Brendan Power1, 2 and Howard Cox1

1 Department of Primary Industries and Fisheries, PO Box 102, Toowoomba, QLD 4350, Australia,
2
Author for correspondence Brendan.Power@dpi.qld.gov.au

Abstract

WhopperCropper is a database of pre-run APSIM simulations. Originally developed for the Northern Grains Region it is currently being extended to all major cropping regions throughout Australia. It contains a factorial combination of agronomic inputs (e.g. crop variety and N application) with resources (e.g. soil water at sowing), and when completed it will contain approximately 5 million long-term simulations.

Large amounts of data however, does not necessarily equate to more knowledge. This paper highlights one of the many possible applications of data mining WhopperCropper. It describes a scenario from the Central Queensland Farming Systems project where information available to the decision maker at time of planting was used to test its capacity to identify optimal crop management strategies at planting. Cross validation techniques were used to ensure the independence of the predictions from the training data set.

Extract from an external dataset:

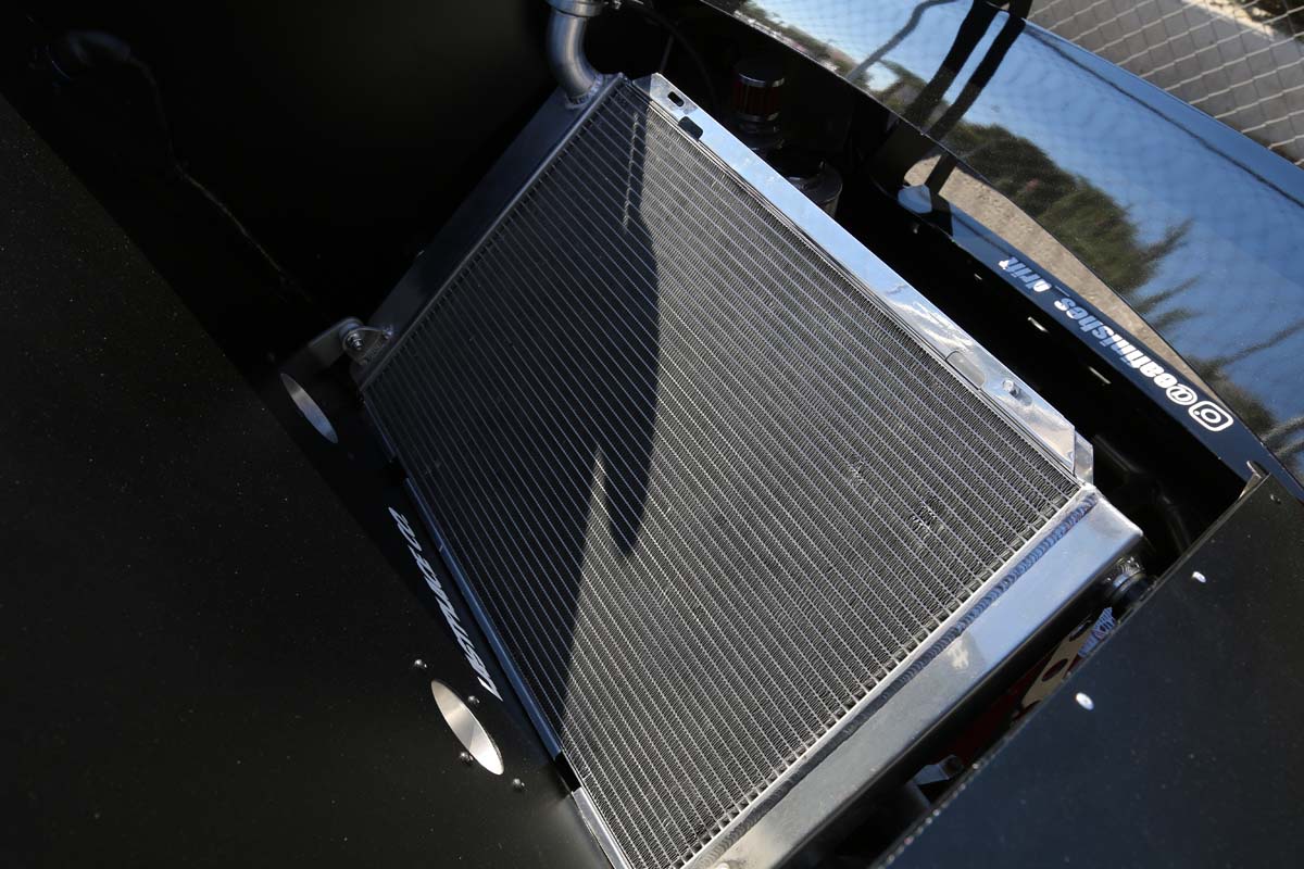 | 冷排系統移植在後行李箱的做法,除了可以減輕車頭重量與提升散熱效能外,就算車頭發生小碰撞也不用怕。 |

This study showed that despite low ratio of explained to un-explained variability, considerable economic gain can be achieved by using WhopperCropper to tailor management options to prevailing planting conditions for soil with low water holding capacities.

Keywords

APSIM, WhopperCroppper, Decision Analysis

Introduction

WhopperCropper consists of a database of APSIM simulations and a graphical user interface with which the user analyses the outputs from pre-defined scenarios in terms of yields, gross margins and associated risks. However, due to the large number of potential combinations, the use of WhopperCropper can became tedious and time consuming which may contribute to the misuse of this decision/discussion support software.

In this paper we describe a holistic approach of searching and analysing the Whopper Cropper data base using the case of a sorghum crop at Emerald in Central Queensland.

Method

The WhopperCropper database

The factors and the levels of each factor analysed in this study are summarised in Table 1. The predetermined factors known at planting include: soil type (PAWC), plant available water at planting, planting date, and information from a seasonal climate forecast (i.e. SOI phase at planting, Stone and Auliciems, 1992). Manageable agronomic factors include: row configuration, planting densities, maturity types and applied nitrogen fertiliser.

It is also sometimes possible to manipulate the time of sowing. However, because the date is often determined by an incident rain event and soil water and SOI phase are uniquely defined at each planting opportunity, sow date is considered an “A” type factor (i.e. known at planting) for the purposes of this study.

A 115 year APSIM simulation for each factorial combination of the factors described in Table 1 (excluding SOI phase) was performed. This resulted in a matrix with more than 1 million rows.

Table 1. Definition of factor types and their levels from the WhopperCropper database

Factor type

Names

Levels

A. Known at planting

PAWC (mm)

80, 120, 150, 190

Soil water at sowing
(% of PAWC)

1/3, 2/3, full

Sow date

15 Sep, 15 Oct, 15 Nov, 15 Dec, 15 Jan

SOI phase

1 to 5

B. Agronomic manageable

Row configuration

solid, single skip, double skip

Planting density (plants/m)

4, 8, 12

Maturity type

quick, medium, slow

Available N at sowing

25, 50, 100, 150, 200, 250

Gross Margin

To properly evaluate the effects of changing management options based on current agro-climatic conditions, a simple economic analysis was used. The following costs and prices are appropriate for Emerald at the present time (Chudleigh, personal communication). The on-farm price for sorghum was assumed to be $130/t. The fallow and planting cost were $77.49/ha, and the cost to apply elemental nitrogen was $1.09/kg, and harvest cost was $87.51/ha. Soil fertility was assumed to be low (25kg N/ha). These assumption resulted in a break even yield of 0.68t/ha. It was assumed that this was the minimum yield required for a crop to be harvested and hence incurred planting and harvesting costs. Seasons with a yield less than the break even yield, only incurred planting and fallow costs.

Decision analysis

This paper simulates decisions a farmer makes when growing sorghum in CQ and using WhopperCropper to select best agronomic management options for a forthcoming unknown season. This was done using leave-one-out cross validation, which involves splitting the data into independent training and testing data sets (years). That is, for each year from 1890 to 2005, management options were chosen from simulations conducted from all other years. This is the most efficient use of the data and is the best indicator of the predictive abilities (Hastie et al, 2001) of WhopperCropper.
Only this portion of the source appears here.